__Extracted material__:
+ + + + + + +

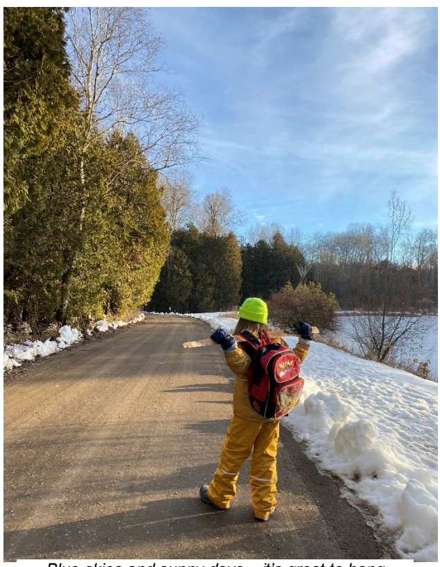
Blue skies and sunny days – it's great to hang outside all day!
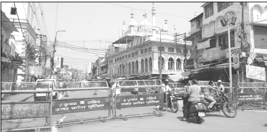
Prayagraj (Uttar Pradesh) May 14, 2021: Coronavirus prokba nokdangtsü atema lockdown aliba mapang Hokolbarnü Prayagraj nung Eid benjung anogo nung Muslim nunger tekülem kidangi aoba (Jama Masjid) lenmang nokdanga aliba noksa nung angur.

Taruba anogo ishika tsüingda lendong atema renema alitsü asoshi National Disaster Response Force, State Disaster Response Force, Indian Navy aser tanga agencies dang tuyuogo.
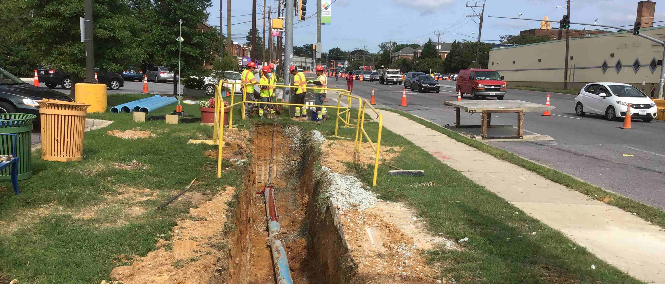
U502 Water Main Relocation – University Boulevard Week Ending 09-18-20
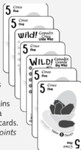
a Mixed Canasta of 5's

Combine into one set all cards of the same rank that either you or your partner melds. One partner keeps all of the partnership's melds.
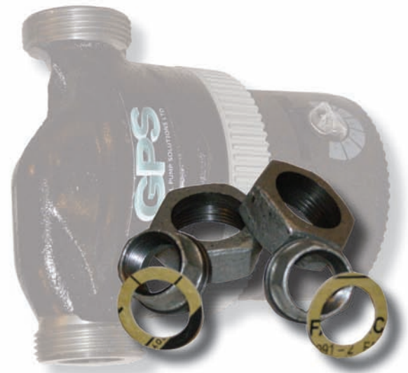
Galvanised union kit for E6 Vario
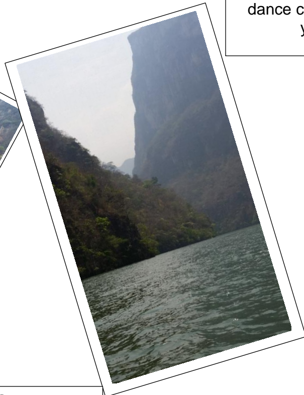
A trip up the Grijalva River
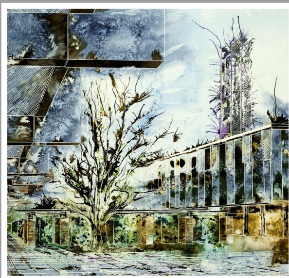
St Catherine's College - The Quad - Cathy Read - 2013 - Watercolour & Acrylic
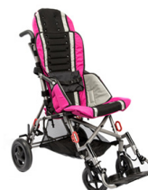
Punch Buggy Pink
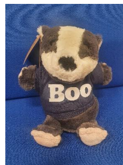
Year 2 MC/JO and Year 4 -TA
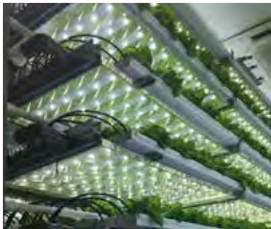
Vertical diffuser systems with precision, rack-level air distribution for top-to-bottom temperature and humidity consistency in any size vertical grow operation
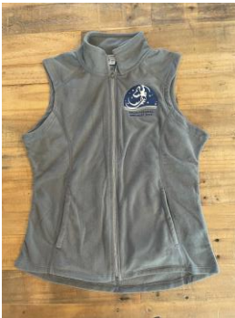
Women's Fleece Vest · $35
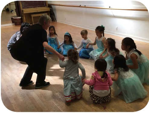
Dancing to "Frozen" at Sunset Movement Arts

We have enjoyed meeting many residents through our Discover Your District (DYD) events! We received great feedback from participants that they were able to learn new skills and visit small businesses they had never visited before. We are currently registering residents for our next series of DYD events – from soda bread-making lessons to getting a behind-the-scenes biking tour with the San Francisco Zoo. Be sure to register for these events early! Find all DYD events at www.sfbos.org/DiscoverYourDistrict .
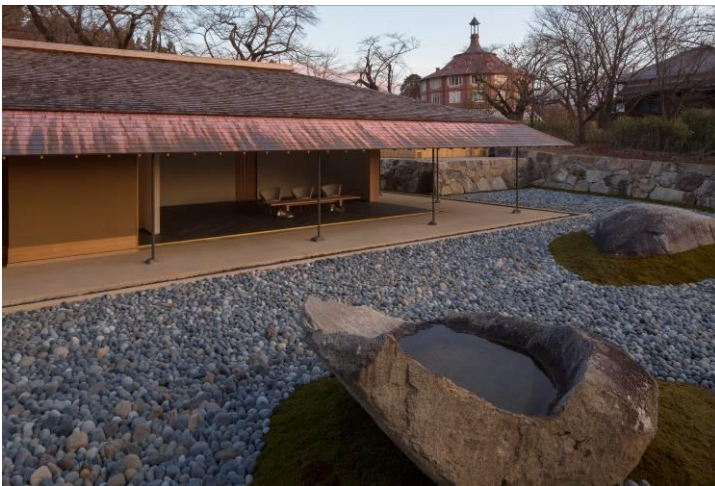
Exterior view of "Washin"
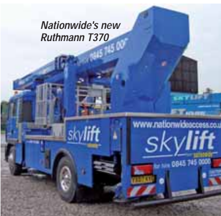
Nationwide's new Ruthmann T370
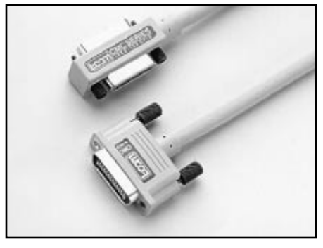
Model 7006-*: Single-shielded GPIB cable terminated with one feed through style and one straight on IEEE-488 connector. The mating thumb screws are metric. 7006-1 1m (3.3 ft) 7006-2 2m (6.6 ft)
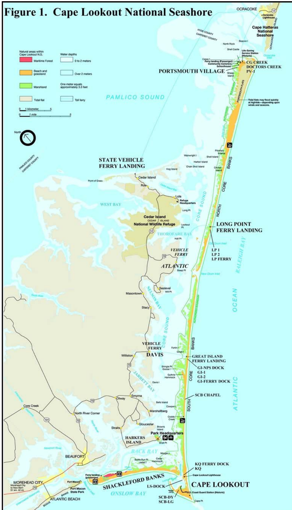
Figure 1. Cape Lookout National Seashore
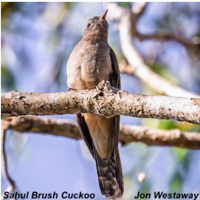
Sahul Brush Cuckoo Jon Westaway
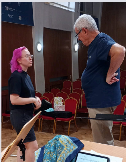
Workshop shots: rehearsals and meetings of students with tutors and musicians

+ + + + + + +

__Task prompt__: Begin at the line with "Figure 1. Cape Lookout National Seashore" and retype exactly every line through the last one of the entries above, both included, and nothing more; pictures stay out.

__Task output__:
Figure 1. Cape Lookout National Seashore
Sahul Brush Cuckoo Jon Westaway
Workshop shots: rehearsals and meetings of students with tutors and musicians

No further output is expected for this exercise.